- _Required action_
Reproduce the following data exactly, minus any images.

- _Supplied material_
┄┄┄┄┄┄┄┄┄┄

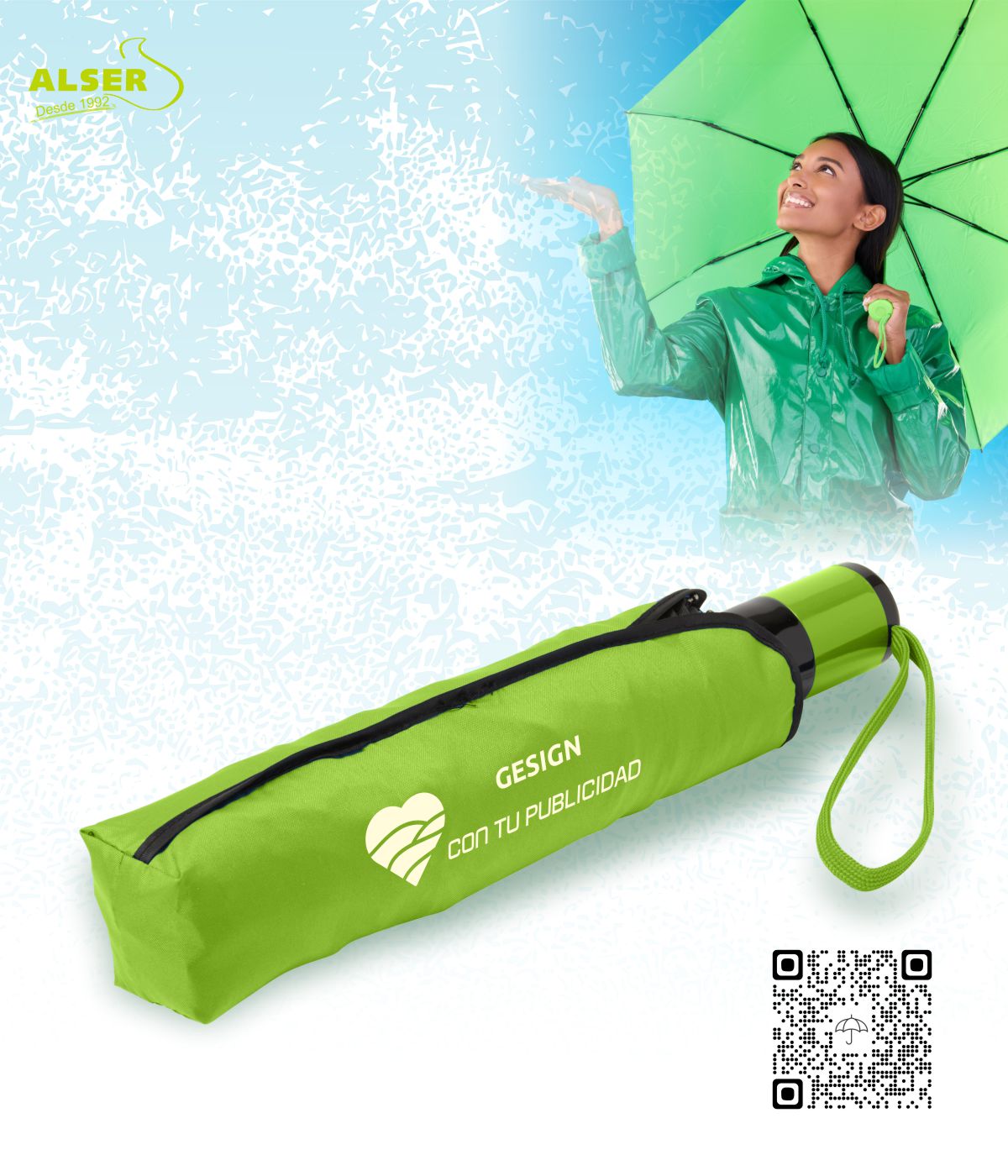 Porque es de esos regalos que salvan el día y se usan de verdad. Me encanta que con un clic se abra y se cierre, que tenga tantos colores para jugar con la imagen de marca, y que tu logo se vea enorme mientras protege de la lluvia. Además, se guarda fácil en la mochila, así que nunca molesta. Es un producto redondo: útil, resistente y con un toque de estilo que da gusto sacar en público.
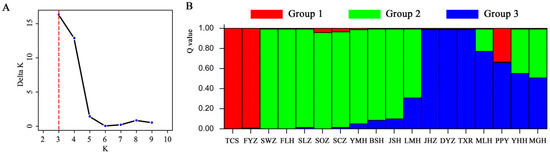 The bands were counted based on the PCR amplification results of ISSR and CDDP markers. Clear bands at the same site were recorded as ‘1’, while the absence of bands was recorded as ‘0’, resulting in the establishment of a ‘0–1’ data matrix. The number of amplified bands, the number of polymorphic bands, and the percentage of polymorphic loci for each primer were calculated using Excel. Genetic similarity coefficients, the number of observed alleles, the number of effective alleles, Nei’s diversity index (H), and Shannon’s diversity index (I) for the 18 strawberry varieties (lines) were computed using PopGene 1.32 software [26]. Unweighted Pair Group Method Using Arithmetic Average (UPGMA) cluster analysis was performed based on DICE similarity coefficients using NTSYSpc 2.10e software [26,32,33]. Using the ISSR + CDDP data, the K value was determined with Structure 2.3.4 software. Subsequently, the corresponding Q value for each strawberry germplasm was calculated to analyze the population genetic structure of the strawberry germplasm resources and ascertain the genetic composition of each germplasm resource. The layout of the resulting image was performed using Adobe Photoshop 2023.
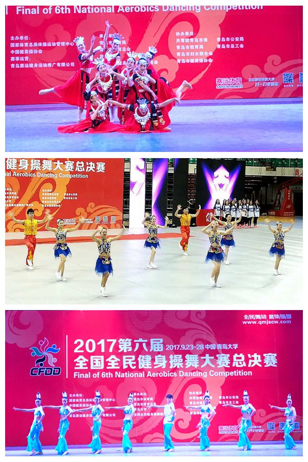 民大新闻网讯 9月23至28日,由国家体育总局、中国健美操协会、全国全民健身操舞推广委员会主办的2017第六届全国全民健身操舞大赛总决赛在青岛大学举行。bat365教师代表队获得一等奖4项,学生代表队获得一等奖3项、二等奖1项。宋君、张雪莹、董航、李孟华四位老师获全国优秀教练员称号。

┄┄┄┄┄┄┄┄┄┄

- _Solution below_
 Porque es de esos regalos que salvan el día y se usan de verdad. Me encanta que con un clic se abra y se cierre, que tenga tantos colores para jugar con la imagen de marca, y que tu logo se vea enorme mientras protege de la lluvia. Además, se guarda fácil en la mochila, así que nunca molesta. Es un producto redondo: útil, resistente y con un toque de estilo que da gusto sacar en público.
 The bands were counted based on the PCR amplification results of ISSR and CDDP markers. Clear bands at the same site were recorded as ‘1’, while the absence of bands was recorded as ‘0’, resulting in the establishment of a ‘0–1’ data matrix. The number of amplified bands, the number of polymorphic bands, and the percentage of polymorphic loci for each primer were calculated using Excel. Genetic similarity coefficients, the number of observed alleles, the number of effective alleles, Nei’s diversity index (H), and Shannon’s diversity index (I) for the 18 strawberry varieties (lines) were computed using PopGene 1.32 software [26]. Unweighted Pair Group Method Using Arithmetic Average (UPGMA) cluster analysis was performed based on DICE similarity coefficients using NTSYSpc 2.10e software [26,32,33]. Using the ISSR + CDDP data, the K value was determined with Structure 2.3.4 software. Subsequently, the corresponding Q value for each strawberry germplasm was calculated to analyze the population genetic structure of the strawberry germplasm resources and ascertain the genetic composition of each germplasm resource. The layout of the resulting image was performed using Adobe Photoshop 2023.
 民大新闻网讯 9月23至28日,由国家体育总局、中国健美操协会、全国全民健身操舞推广委员会主办的2017第六届全国全民健身操舞大赛总决赛在青岛大学举行。bat365教师代表队获得一等奖4项,学生代表队获得一等奖3项、二等奖1项。宋君、张雪莹、董航、李孟华四位老师获全国优秀教练员称号。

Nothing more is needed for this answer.